0004321 ERN001 2345 11
0004321 ERN002 345 10
0004321 ERN003 345 9
000507 ER-01 563 4
000732 ERN001 2345 12
000732 ERN002 9 13
000732 ERN003 678 8
Please help me with the query
You can aggregate by the fields you need and, at the same time, order by the EMP_EARN_NO value; this can be a solution, by analytic functions:
WITH TEST(emp_no, earn_no, amount, emp_earn_no) AS
(
SELECT '0004321' , 'ERN001' ,2345 ,11 FROM DUAL UNION ALL
SELECT '0004321' , 'ERN002' ,345 , 10 FROM DUAL UNION ALL
SELECT '0004321' , 'ERN003' ,345 ,9 FROM DUAL UNION ALL
SELECT '000507' , 'ER-01' ,56 ,1 FROM DUAL UNION ALL
SELECT '000507' , 'ER-01' ,563 , 2 FROM DUAL UNION ALL
SELECT '000507' , 'ER-01' ,563 ,3 FROM DUAL UNION ALL
SELECT '000507' , 'ER-01' ,563 ,4 FROM DUAL UNION ALL
SELECT '00732' , 'ERN001' ,123 ,7 FROM DUAL UNION ALL
SELECT '00732' , 'ERN001' ,2345 ,12 FROM DUAL UNION ALL
SELECT '00732' , 'ERN002' ,9 ,13 FROM DUAL UNION ALL
SELECT '00732' , 'ERN003' ,67 ,5 FROM DUAL UNION ALL
SELECT '00732' , 'ERN003' ,456 ,6 FROM DUAL UNION ALL
SELECT '00732' , 'ERN003' ,678 ,8 FROM DUAL
)
SELECT emp_no, earn_no, amount, emp_earn_no
FROM (
SELECT emp_no,
earn_no,
amount,
emp_earn_no, ROW_NUMBER() OVER ( PARTITION BY EMP_NO, EARN_NO ORDER BY emp_earn_no DESC) AS ROW_NUM
FROM TEST
)
WHERE ROW_NUM = 1
Give this a shot,
SELECT EMP_NO, SUM(AMOUNT)
FROM EMP_EARN_DETAILS
GROUP BY EMP_NO
HAVING EMP_EARN_NO = MAX(EMP_EARN_NO)
Try this query:
select emp_no, earn_no,
sum(amount) keep (dense_rank last order by emp_earn_no) as sum_amount
from emp_earn_details
group by emp_no, earn_no
First by following query , your conditions achieved :
select t.emp_no a ,t.earn_no b ,max(t.amount) c
from EMP_EARN_DETAILS t
group by t.emp_no,t.earn_no
order by t.emp_no
Only things that you must specify , in a same record with different EMP_EARN_NO. You have to specify in same record which must be in result.
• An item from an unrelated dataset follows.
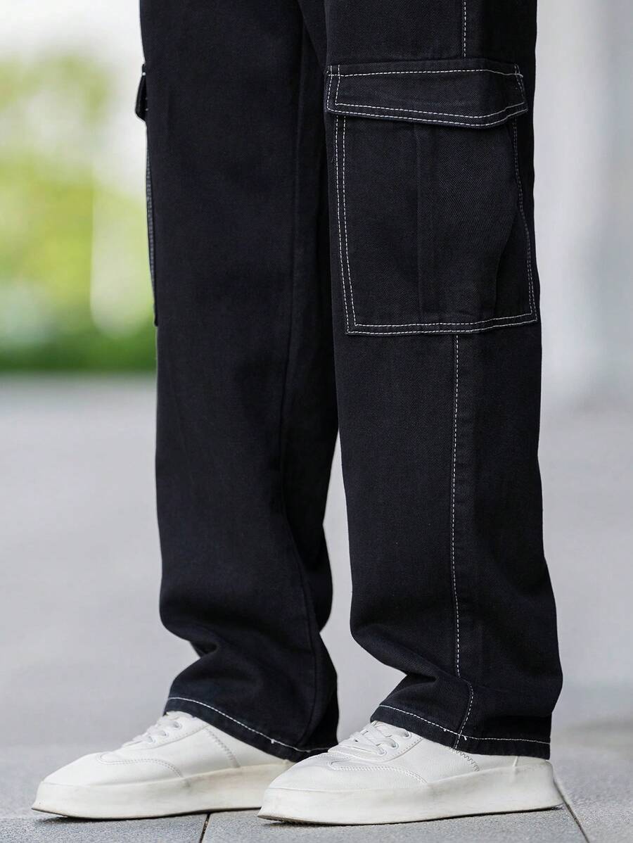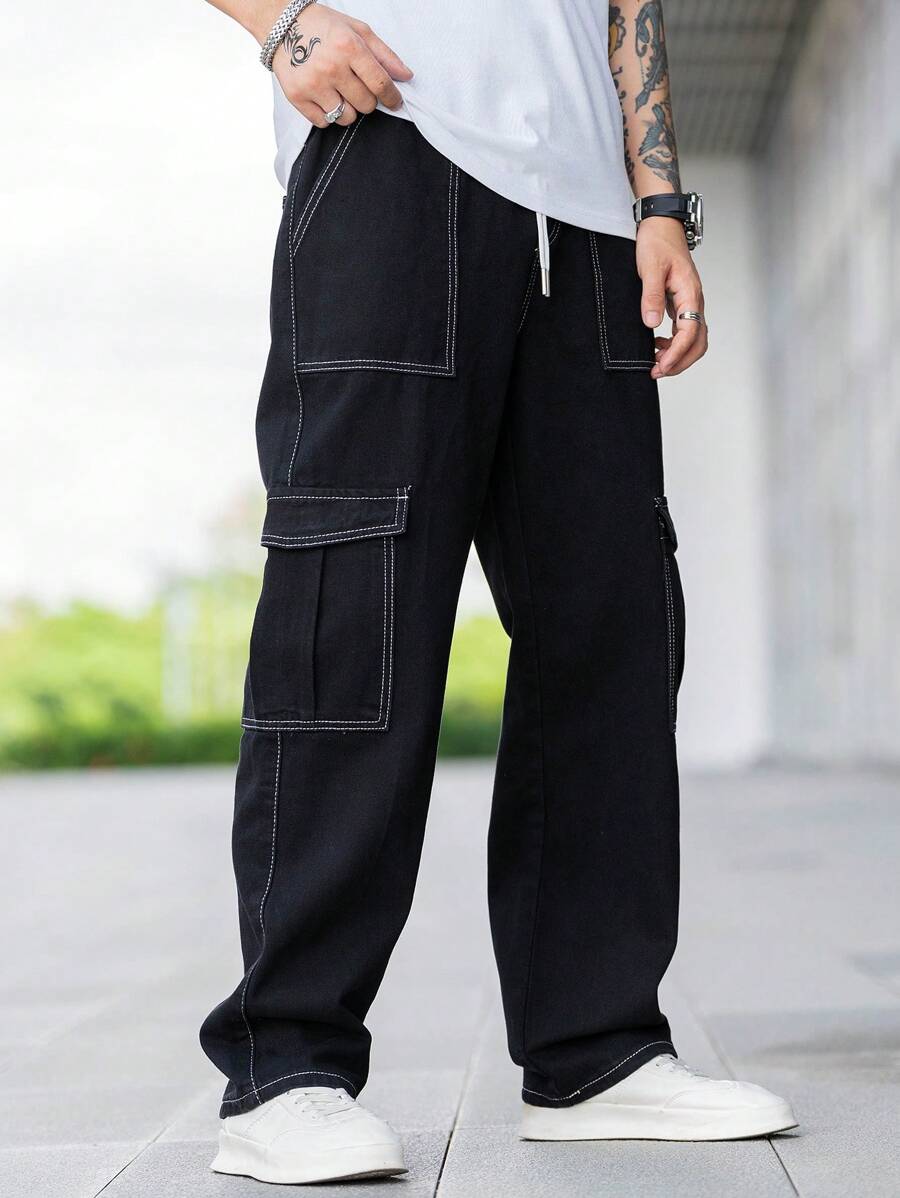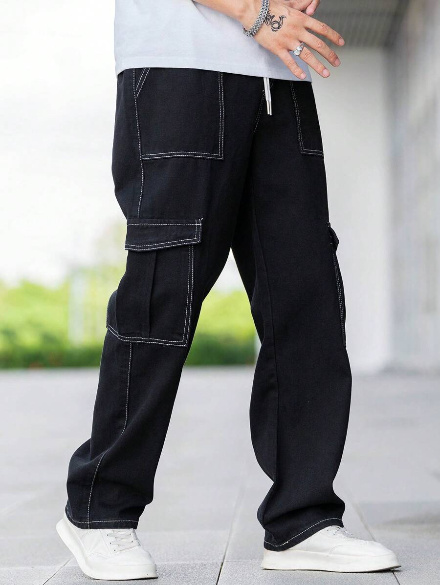 Jeans cargo larghi da uomo con dettagli in topstitching, tasche con patta, vita con coulisse e regolatori laterali, jeans cargo neri lavati larghi e semplici, per marito o fidanzato come regalo

So if you want maximum EMP_EARN_NO be in result you can use following query as final query (exactly your target in question):
select t.emp_no a ,t.earn_no b ,max(t.amount) c, max(t.emp_earn_no) emp_earn_no
from EMP_EARN_DETAILS t
group by t.emp_no,t.earn_no
order by t.emp_no
If you want minimum or others EMP_EARN_NO be in result you can above query replace max function by your conditions.